▶ **Instructions for the task**:
In the listing below, find the line with "Después lo vamos" and copy every line from there up to and including the line with "В этом году", exactly and without pictures.

▶ **Given data**:
┌────────

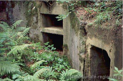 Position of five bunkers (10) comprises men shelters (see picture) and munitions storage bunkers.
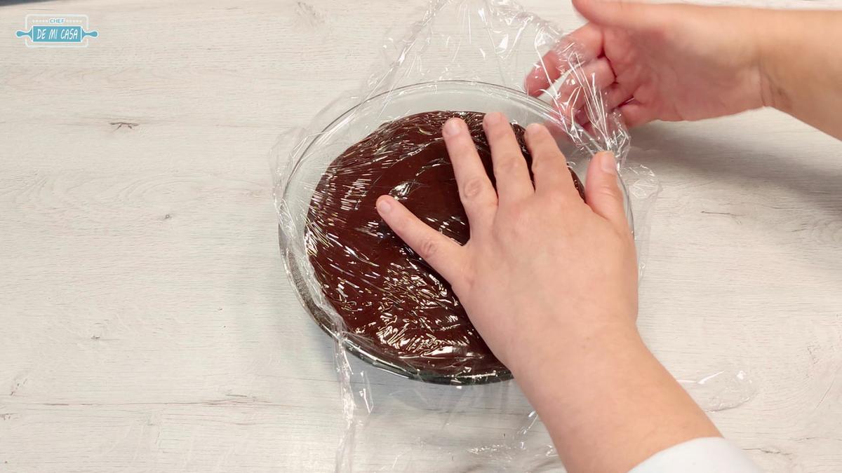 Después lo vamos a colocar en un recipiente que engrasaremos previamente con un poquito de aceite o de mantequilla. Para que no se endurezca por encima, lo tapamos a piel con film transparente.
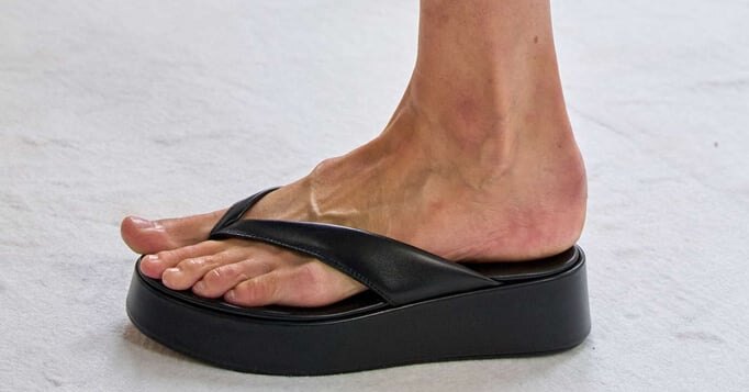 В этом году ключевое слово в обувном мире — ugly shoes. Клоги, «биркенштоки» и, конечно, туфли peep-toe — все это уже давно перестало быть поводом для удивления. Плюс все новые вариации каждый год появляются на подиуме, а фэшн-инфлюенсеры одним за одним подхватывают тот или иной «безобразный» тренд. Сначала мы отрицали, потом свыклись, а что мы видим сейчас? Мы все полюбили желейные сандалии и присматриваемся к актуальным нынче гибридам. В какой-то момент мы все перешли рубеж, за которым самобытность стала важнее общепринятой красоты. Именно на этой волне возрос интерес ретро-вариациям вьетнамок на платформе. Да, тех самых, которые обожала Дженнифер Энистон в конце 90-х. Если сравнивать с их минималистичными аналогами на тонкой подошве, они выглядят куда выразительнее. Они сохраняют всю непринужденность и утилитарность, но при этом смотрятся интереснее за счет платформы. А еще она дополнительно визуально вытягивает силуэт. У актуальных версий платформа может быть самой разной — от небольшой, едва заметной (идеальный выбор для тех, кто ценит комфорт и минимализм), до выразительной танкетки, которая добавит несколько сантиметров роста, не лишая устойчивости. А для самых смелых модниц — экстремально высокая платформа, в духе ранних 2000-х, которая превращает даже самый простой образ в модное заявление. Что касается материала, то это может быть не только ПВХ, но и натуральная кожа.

└────────
┌────────

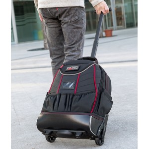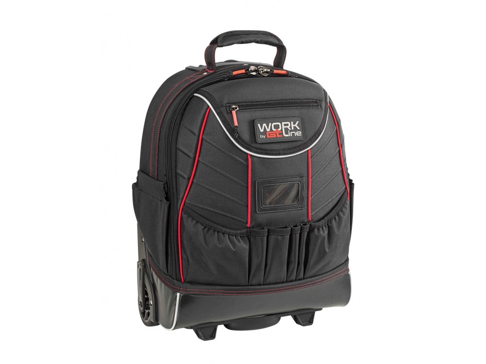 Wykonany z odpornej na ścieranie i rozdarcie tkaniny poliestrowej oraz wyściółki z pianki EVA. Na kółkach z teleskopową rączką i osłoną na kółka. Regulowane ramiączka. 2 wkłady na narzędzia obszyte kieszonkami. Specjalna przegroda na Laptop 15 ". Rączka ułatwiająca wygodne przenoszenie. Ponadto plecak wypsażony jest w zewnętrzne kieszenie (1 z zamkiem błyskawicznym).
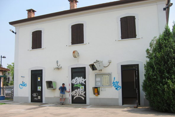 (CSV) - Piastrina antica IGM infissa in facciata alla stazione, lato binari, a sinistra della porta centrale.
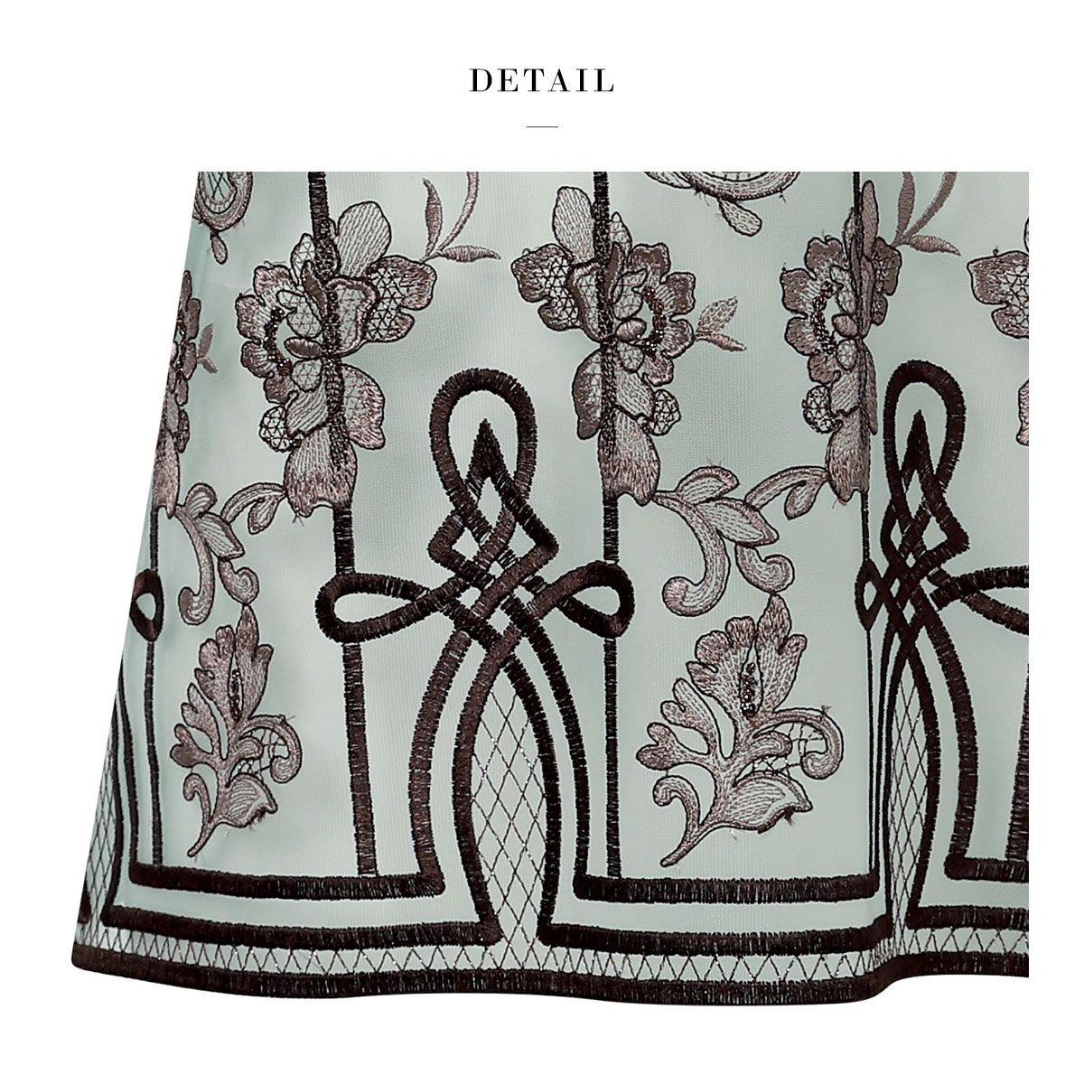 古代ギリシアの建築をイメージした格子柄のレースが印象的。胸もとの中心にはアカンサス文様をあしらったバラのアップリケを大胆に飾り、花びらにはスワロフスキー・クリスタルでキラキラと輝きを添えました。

└────────

▶ **Response for this exercise**:
 Después lo vamos a colocar en un recipiente que engrasaremos previamente con un poquito de aceite o de mantequilla. Para que no se endurezca por encima, lo tapamos a piel con film transparente.
 В этом году ключевое слово в обувном мире — ugly shoes. Клоги, «биркенштоки» и, конечно, туфли peep-toe — все это уже давно перестало быть поводом для удивления. Плюс все новые вариации каждый год появляются на подиуме, а фэшн-инфлюенсеры одним за одним подхватывают тот или иной «безобразный» тренд. Сначала мы отрицали, потом свыклись, а что мы видим сейчас? Мы все полюбили желейные сандалии и присматриваемся к актуальным нынче гибридам. В какой-то момент мы все перешли рубеж, за которым самобытность стала важнее общепринятой красоты. Именно на этой волне возрос интерес ретро-вариациям вьетнамок на платформе. Да, тех самых, которые обожала Дженнифер Энистон в конце 90-х. Если сравнивать с их минималистичными аналогами на тонкой подошве, они выглядят куда выразительнее. Они сохраняют всю непринужденность и утилитарность, но при этом смотрятся интереснее за счет платформы. А еще она дополнительно визуально вытягивает силуэт. У актуальных версий платформа может быть самой разной — от небольшой, едва заметной (идеальный выбор для тех, кто ценит комфорт и минимализм), до выразительной танкетки, которая добавит несколько сантиметров роста, не лишая устойчивости. А для самых смелых модниц — экстремально высокая платформа, в духе ранних 2000-х, которая превращает даже самый простой образ в модное заявление. Что касается материала, то это может быть не только ПВХ, но и натуральная кожа.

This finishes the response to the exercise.